L’atteggiamento adottato da Max Verstappen nel fine settimana in cui ha preso parte il Gran Premio del Belgio ha avuto ampio risalto all’interno del paddock della Formula 1 e soprattutto tra i tifosi i quali non hanno accettato di buon grado la condotta di guida dell’olandese, composta da atteggiamenti fin troppo aggressivi nei confronti dei propri colleghi, sfociati nei contatti con le due Ferrari, per non parlare dell’avvincente ma altamente pericolo duello ruota a ruota messo in scena con Sergio Perez.

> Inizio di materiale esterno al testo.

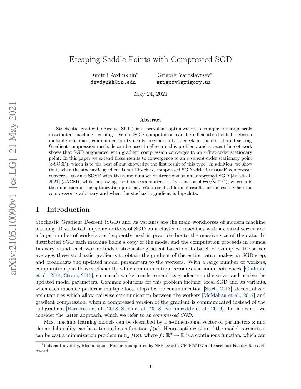 Stochastic gradient descent (SGD) is a prevalent optimization technique for large-scale distributed machine learning. While SGD computation can be efficiently divided between multiple machines, communication typically becomes a bottleneck in the distributed setting. Gradient compression methods can be used to alleviate this problem, and a recent line of work shows that SGD augmented with gradient compression converges to an -first-order stationary point. In this paper we extend these results to convergence to an -second-order stationary point (-SOSP), which is to the best of our knowledge the first result of this type. In addition, we show that, when the stochastic gradient is not Lipschitz, compressed SGD with RandomK compressor converges to an -SOSP with the same number of iterations as uncompressed SGD [Jin et al.,2021] (JACM), while improving the total communication by a factor of , where is the dimension of the optimization problem. We present additional results for the cases when the compressor is arbitrary and when the stochastic gradient is Lipschitz.

Subito dopo la gara proprio Verstappen ha rivolto parole di fuoco nei confronti dei due Ferraristi per il contatto alla prima curva per aver – secondo lo stesso pilota della Red Bull – stretto troppo la curva costringendolo ad impostare la propria manovra verso il muro.
L’Olandese ha intimato ai due colleghi della Rossa di vergognarsi e di sentirsi responsabili di aver causato un incidente di quella portata.
La pensa diversamente da lui invece, Niki Lauda, che rivolge le sue critiche proprio nei confronti Verstappen: “Quando Verstappen dice che la colpa è di Kimi per il contatto, è da reparto di psichiatria. I piloti non devono mettersi a rischio a vicenda senza motivo. È andato ben oltre il limite quando non ce n’era bisogno e non si è neanche reso conto che stava sbagliando” ha detto il tre volte campione del mondo.
Ma se da un lato si poteva sorvolare sul comportamento tenuto alla partenza della gara dall’olandese, non si può invece transigere sui fatti avvenuti dopo la metà della competizione, quando fu esposta la bandiera rossa mentre il pilota Red Bull proseguiva ad effettuare cambi di traiettoria, fin troppo repentini.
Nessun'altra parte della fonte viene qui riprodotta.